Tuesday, March 22, 2011

II Peter 3:17 Four Imperatives of a Forward Looking Faith Part III

The Bible is a simple yet complicated book. It’s simple enough that there is truth that a child can understand yet complicated to the point that men and women have devoted their whole to the study of it and still feel they have barely scratched the surface of what’s there. Because of its simplicity and its profundity, the Bible touches all believers that study it. In fact, I would dare say that no one can truly study scripture, come face to face with the truth it reveals, and walk away unchanged. The truth of God’s word should change how we think and how we live. As Peter has noted in these concluding verses of his second epistle, because of the truth of God’s word our faith is a forward looking faith—we look to the future where sin will be done away with and Christ will reign to the glory of God the Father. To that end, Peter gives us here two last imperatives of a forward looking faith.

The first of these imperatives comes as a warning in verse 17—“be on your guard”. Notice further in the verse that Peter’s audience, and by implication us as well, have motivation to be on guard (present tense in the Greek—better translated “be on your guard continually”). They have been forewarned about the false teachers and heresy that is coming and therefore they “[know] this beforehand.” Now, I grew up in South Alabama and we had hurricanes occasionally. One in particular was pretty devastating but one thing that I learned was you are given fair warning. Like 2 days out they are able to predict with a fair degree of accuracy where that sucker is going to hit so if you’re in a mobile home or a low lying area you should have time to get someplace safe. Generally speaking, you have ample time to prepare. Now, Peter has written this book warning them that “there will also be false teachers among you” (2:1) and he has even told them the sorts of lies they would teach (3:3). Therefore, as a result of knowing what was coming, Peter gives them a command to “be on [their] guard”—they are to act as spiritual night watchmen, looking out for danger because, rest assured, danger is coming.

They need to be on guard because these false teachers could seduce them with false teaching. His readers, if they are not watchful, could be “carried away by the error of unprincipled men”. These unprincipled (lawless) men would come and teach doctrine that was contrary to the truth that had been taught by Peter and the other apostles. Their “error” would be presented by these false teachers as if it were true and if accepted by the church would put the souls of men and women in danger—the gospel saves, false doctrine does not. Because of that, it was paramount that these believers, and those of us reading Peter’s letter today as well, stay on their toes and be on the lookout for false doctrine so that it didn’t pollute the life saving message of the gospel.

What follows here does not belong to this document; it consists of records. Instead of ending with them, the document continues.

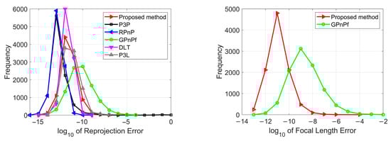 We tested our proposed method in terms of numerical stability in this section. A total of 10,000 trials were performed independently using synthetic data with no noise added. The performance of the rotation, translation and projection estimation was compared to the other five methods, and the performance of the focal length estimation was compared only to the GPnPf method because the other four methods could not estimate the focal length. The results of numerical stability are reported in Figure 7.
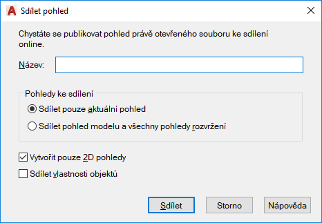 Publikuje reprezentaci aktuálního prostoru nebo celý výkres k prohlížení online a sdílení. Toto usnadní komunikaci a spolupráci s ostatními účastníky bez nutnosti sdílení zdrojových souborů DWG.
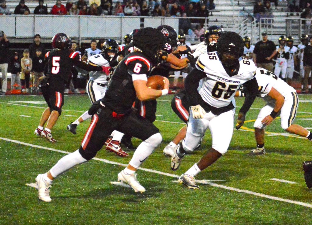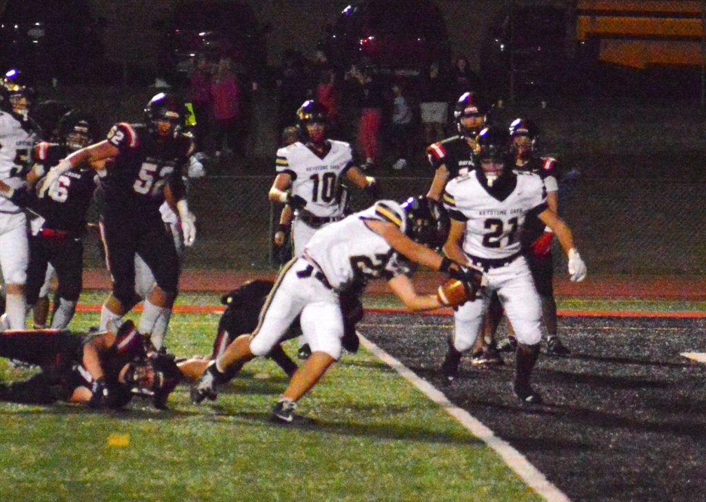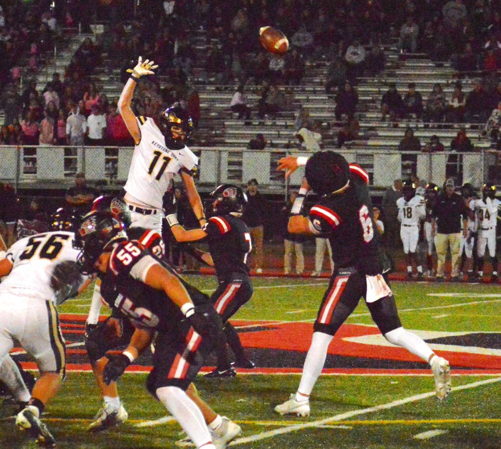 The Raiders again moved the sticks twice on their next possession but a holding penalty and a 7-yard sack of Stephenson left the hosts with a fourth and 26 from the Keystone Oaks 36 and a disguised punt by Stephenson just snuck into the end zone for a touchback.
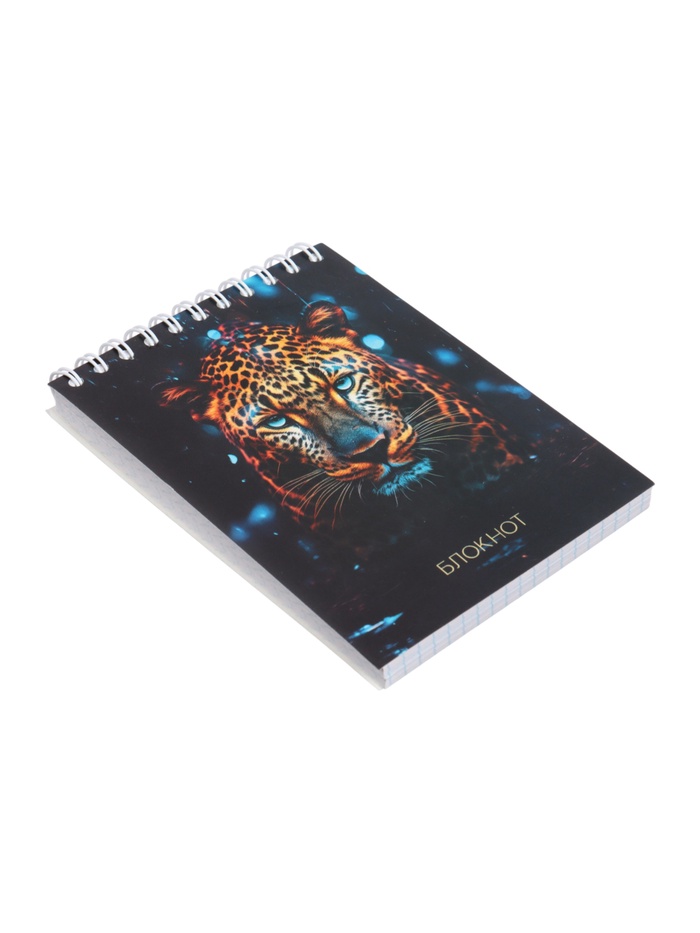 Блокнот на гребне А6 в клетку, 80 листов «Дикая кошка», 60 г/м²
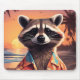 Raccoon gracioso vestido con una camisa hawaiana en una hermosa playa.
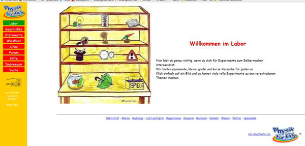 Vor fünfzehn Jahren haben Lehramtsstudierenden und ein Physikprofessor der Uni Oldenburg das Projekt "Physik für Kids" gestartet - und noch immer nimmt die Website die Kinder mit bei ihren ersten Schritten in die spannende und schwierige Welt der Physik: ganz ohne Schnickschnack, aber mit verständlichen Erklärungen, durchdachten Experimentierideen, mit Informationen über berühmte Physiker und Entdeckungen und mit weiterführenden Links.
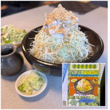 嬬恋村のキャベツ畑を眺めながら移動🚗 旅館の朝ごはんでお腹いっぱいだったから、 軽くお蕎麦食べようかーって入ったお店で 盛りがすごくて焦った一品。 一番下は冷たいお蕎麦、 その上にすごい量のキャベツとおろしがどっっさり。その上に豚しゃぶとゴマだれ。つゆをかけていただく。 ヘルシーかなと思ったが完食するの大変だった 2025/9/20
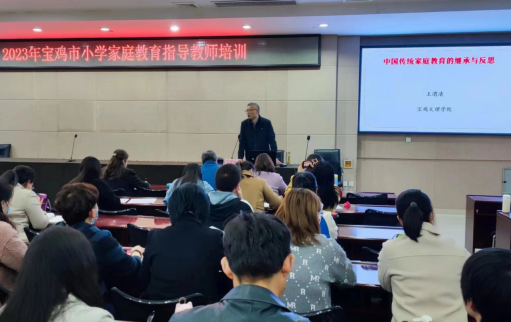 近日,公司国家语言文字推广基地成员、语文教育研究中心常务副主任王渭清副教授应宝鸡教育公司之邀,分别为宝鸡市2023年中学、小学家庭教育指导教师培训班做《中国传统家庭教育的继承与反思》报告。
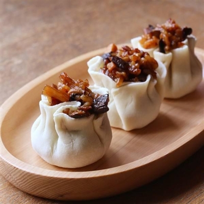 这几样准备好了,就把糯米、肉糜和香葱揉成一坨做馅。用面皮将馅包起来,最好让馅露出一点点,蒸熟后就会像一朵绽放的花。

Now, if these people to whom Peter wrote were to be deceived and follow these false teachers (which I’m sure happened then and certainly happens now) it would mean them “fall[ing] from [their] own steadfastness”. That steadfastness, of course, was the bedrock truth of God’s word. False doctrine provides no support, no foundation for anything. In contrast, the truth of scripture is a solid rock on which to build (Matthew 7:24-26) and no one who builds on it will be ashamed. The way to prevent falling for a slick snake oil salesman peddling false doctrine, then, is to study the scriptures and by studying them come to know more fully the God of the Bible.

Friends, false doctrine was not just a problem in the early church. As we have seen in recent days, it’s a problem here and now. Just like Peter, I exhort you to cling to the truth of God’s word. There is no better way to defend yourself against the lies of Satan than studying the truth of God’s word.